A Hash Function is defined as any function that can be used to map data of arbitrary size to fixed-size values. The values returned by a hash function are called hash values, hash codes, digests, or simply hashes. They are primarily used to index data in Hash Table(s).

The core idea is to transform a given input (key) into an integer that can be used as an array index, allowing for very fast data retrieval.


Properties of a Good Hash Function

For a hash function to be effective, especially for data structures like hash tables, it should exhibit several key properties:

  1. Deterministic: The same input key must always produce the same hash value.
  2. Efficient Computation: The hash value should be quick to compute. A complex hash function defeats the purpose of fast lookups.
  3. Uniform Distribution: It should distribute keys as evenly as possible across the entire range of possible hash values. This minimizes Collisions.

Why Hash Functions are Used

  • Fast Data Retrieval (Hash Tables): Provides average-case lookup, insertion, and deletion times.
  • Data Integrity (Checksums): Verifying that data has not been altered (e.g., file downloads, network packets).
  • Cryptography: Used in digital signatures, password storage, and message authentication codes. (These are specialized cryptographic hash functions).
  • Uniqueness Identification: Quickly checking if an item has been seen before (e.g., in caches).

Common Techniques & Implementations

1. Simple Summation (Illustrative, but Flawed) This method sums the ASCII values of characters in a string.
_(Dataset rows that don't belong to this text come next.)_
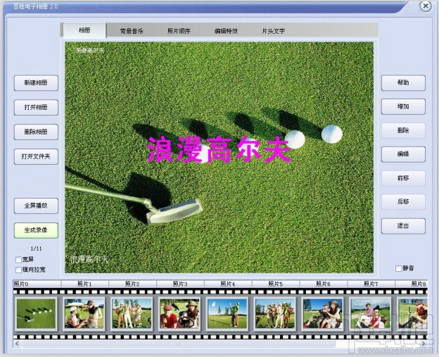 打开图片文件夹就能生成录像的电子相册软件,操作十分简单,自动配上动画,也可以添加自己的动画,做出自己满意的作品。 只需要你简单地打开照片所在的文件夹就能以动画的形式欣赏你的照片了。 如果你兴趣,可以加上自己的喜欢的背景、相框、文字、动画等。 你还可以加上自己喜欢的mp3作为背景音乐,如果有歌词文件的话,则可以当成MTV来欣赏。 既可以在自己的电脑上观看,也可以生成录像刻成光盘在电视上播放,还可以生成可执行文件发给朋友欣赏。 不要让那些记录逝去日子的珍贵照片继续在电脑中沉睡了,对于那些曾经让你喜悦、感动、伤感的人和事,您可以充分发挥自己的创造力,通过《百姓电子相册 》自带的多种特效及自定义功能,将静态的照片制作出搞笑的、温馨的、古典的、酷炫的视频,放在自己的博客上,发在经常灌水的论坛里,刻录成DVD,上传到视频网站或者是下载到手机,如同翻阅真正的相册一样跟家人和朋友分享照片和回忆。
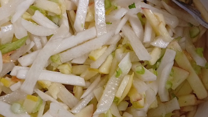 Salát z bílé ředkve, vodnice a jablek
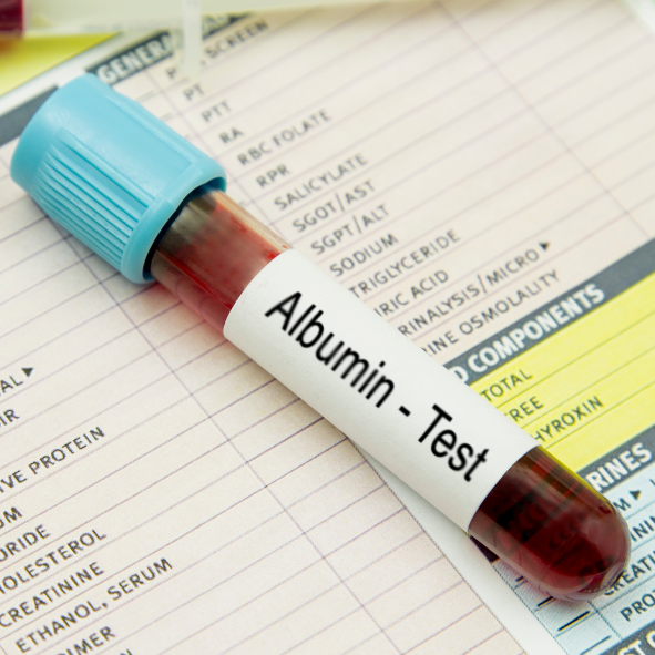 Deze test wordt gedaan om te controleren of de nieren of lever beschadigd zijn. Bij een beschadiging van de nieren of de lever zal het albuminegehalte in het bloed afnemen. Daarnaast kan het gemeten worden om de voedingstoestand van een patiënt te meten. Bij uitdroging neemt het albuminegehalte in het bloed juist toe.

It’s easy to understand but results in many collisions for different strings with the same characters.

// Limitations: Poor distribution, sensitive to character order only (not position)
int simple_hash_sum(const char* key, int table_size) {
    int hash_value = 0;
    int i = 0;
    while (key[i] != '\0') {
        hash_value += key[i];
        i++;
    }
    return hash_value % table_size; // Modulo operation maps to table size (see [[Modular Arithmetic]])
}

2. Polynomial Rolling Hash (Better Distribution) This method considers the position of each character, giving more weight to characters earlier in the string. It involves multiplying by a prime number p at each step.
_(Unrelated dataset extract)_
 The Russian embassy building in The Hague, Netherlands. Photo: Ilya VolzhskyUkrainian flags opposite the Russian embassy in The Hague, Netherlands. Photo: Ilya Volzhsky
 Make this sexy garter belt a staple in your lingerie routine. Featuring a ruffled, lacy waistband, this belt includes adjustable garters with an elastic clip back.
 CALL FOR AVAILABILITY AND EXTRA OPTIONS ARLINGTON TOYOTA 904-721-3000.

// More robust, considers character position
unsigned int polynomial_rolling_hash(const char* key, int table_size) {
    unsigned int hash_value = 0;
    unsigned int p = 31; // A prime number, often used
    unsigned int p_power = 1;
 
    for (int i = 0; key[i] != '\0'; i++) {
        hash_value = (hash_value + (key[i] - 'a' + 1) * p_power) % table_size;
        p_power = (p_power * p) % table_size; // Re-calculate p_power for next char
    }
    return hash_value;
}

Rust Implementation Example (using std::collections::hash::Hasher) In Rust, you typically use the built-in std::hash::Hash trait and std::collections::HashMap which uses a cryptographic-ally secure, yet fast, default hash function (SipHash). For custom hashing, you’d implement the Hasher trait.

use std::hash::{Hash, Hasher};
use std::collections::hash_map::DefaultHasher;
 
// Example of hashing a string using the default hasher
fn get_string_hash(s: &str) -> u64 {
    let mut hasher = DefaultHasher::new();
    s.hash(&mut hasher);
    hasher.finish()
}
 
// Example of a simple custom hash function (for learning, not production)
// This is analogous to the polynomial_rolling_hash concept
fn custom_hash(key: &str, table_size: usize) -> usize {
    let mut hash_value: usize = 0;
    let p: usize = 31; // Prime number
    let mut p_power: usize = 1;
 
    for c in key.chars() {
        hash_value = (hash_value + (c as usize - 'a' as usize + 1) * p_power) % table_size;
        p_power = (p_power * p) % table_size;
    }
    hash_value
}

Collision Handling

Since a hash function maps a potentially large set of inputs to a smaller, fixed-size output range, collisions are inevitable. Effective hash tables require strategies to handle these collisions, such as:

  • Separate Chaining: Store colliding elements in a linked list at each hash table index.
  • Open Addressing: Find another open spot in the hash table when a collision occurs (e.g., Linear Probing, Quadratic Probing, Double Hashing).

(See Hash Table(s) for more details on collision resolution.)